Abstract
Increasing the human capital development index of Indonesia is needed to realize the country’s dream to become a developed country in the world. Quality education is needed for that purpose, and this should start from an early age. School is a formal institution for knowledge transfer, which is very useful in building the quality of an Indonesian’s character. Since 2000, Indonesia has made enormous effort to improve the quality of education, which is measured by increased learning outcome, which is measured by mean national examination score. Indonesia has focused on three major aspects, namely, improving equity and access, enhancing quality and relevance, and strengthening management and accountability. These three aspects are translated into eight standards accreditation score. Education quality is believed to have spatial characteristics that follow the Tobler law. In general, schools close to each other, especially in one administrative area, have the same quality characteristics. The spatial characteristics need to be included in modeling the national examination score. Because of the normality assumption problem, we use a Bayesian spatial autoregressive model (BSAR) to evaluate the effect of the eight standard school qualities on learning outcomes and use
Introduction
Indonesia is one of the developing countries in Southeast Asia and has the ambition to be one of the developed countries in the world. For that purpose, human capital development is crucial. Despite the high regional diversity, the quality of education throughout the territory of Indonesia has always been a top priority. According to the Indonesian education system, the grades of school education consist of elementary, junior, and senior high school levels (OECD, 2015; Firman & Tola, 2008). Since 2000, Indonesia has made enormous efforts to improve the quality of education, which is measured by increased literacy (Tobias et al., 2014).
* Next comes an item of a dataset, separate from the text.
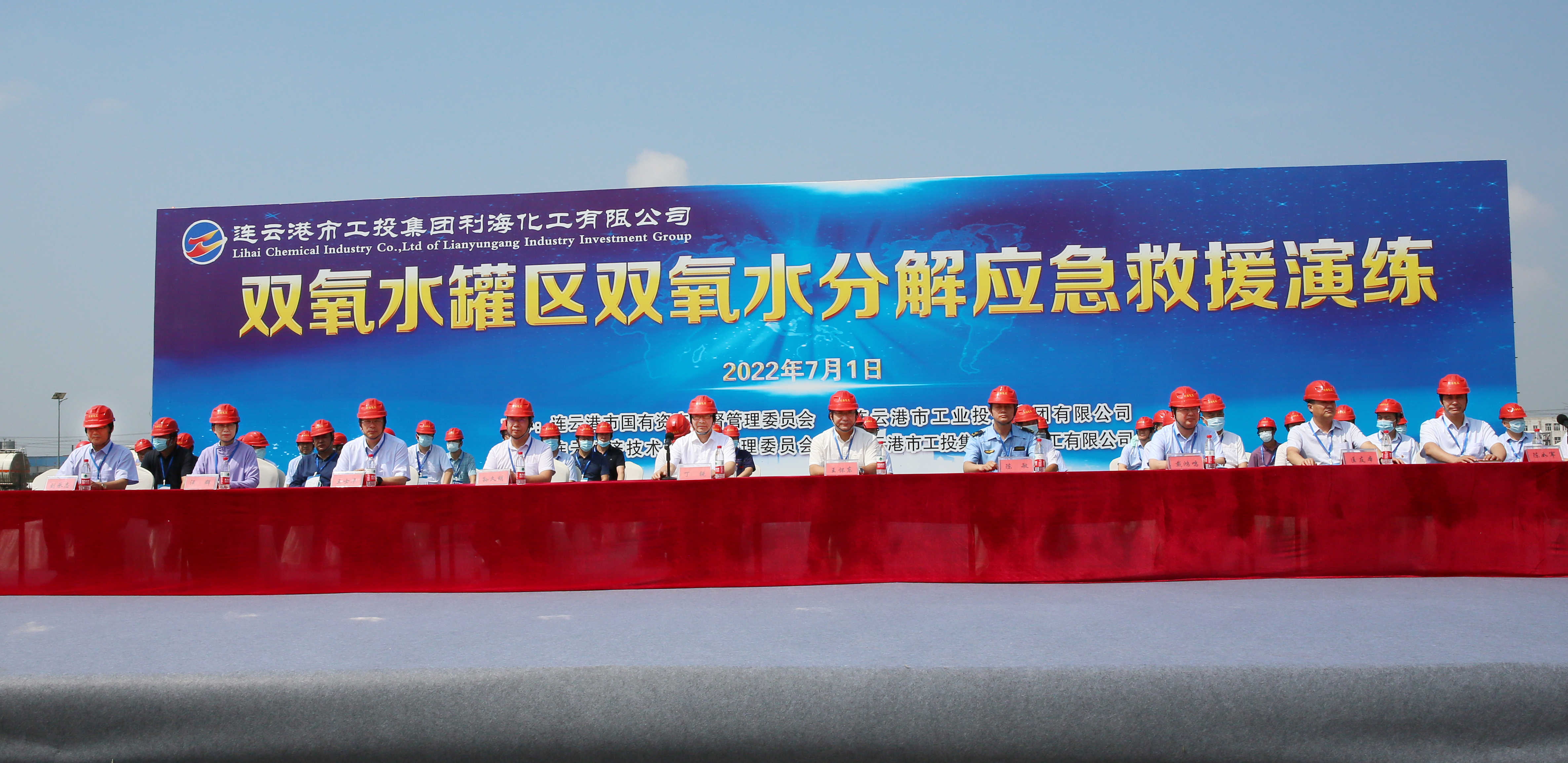 演練模擬利海化工公司雙氧水成品罐區(qū)V0402A儲(chǔ)罐內(nèi)雙氧水分解,罐體升溫,可能發(fā)生爆炸事故,根據(jù)應(yīng)急預(yù)案開(kāi)展應(yīng)急救援處置演練。經(jīng)現(xiàn)場(chǎng)處置、啟動(dòng)公司應(yīng)急預(yù)案、專業(yè)救援力量響應(yīng)等程序,演練取得了圓滿成功。

To develop the quality of education, Indonesia has focused on three major aspects, namely, improving equity and access, enhancing quality and relevance, and strengthening management and accountability. These three aspects are translated into eight standard accreditations score, which include standard of contents (Q1), standard of process (Q2), standard of graduate competence (Q3), standard of education (Q4), standard of facilities and infrastructure (Q5), standard of management (Q6), standard of financing (Q7), and standard of assessment (Q8). Improvement of these standards is expected to improve the human capital development index, which, for schools relate to the learning outcome and can be measured by the national examination score. To map the quality of education, in 2000, the government reestablished the national examination that was once abolished.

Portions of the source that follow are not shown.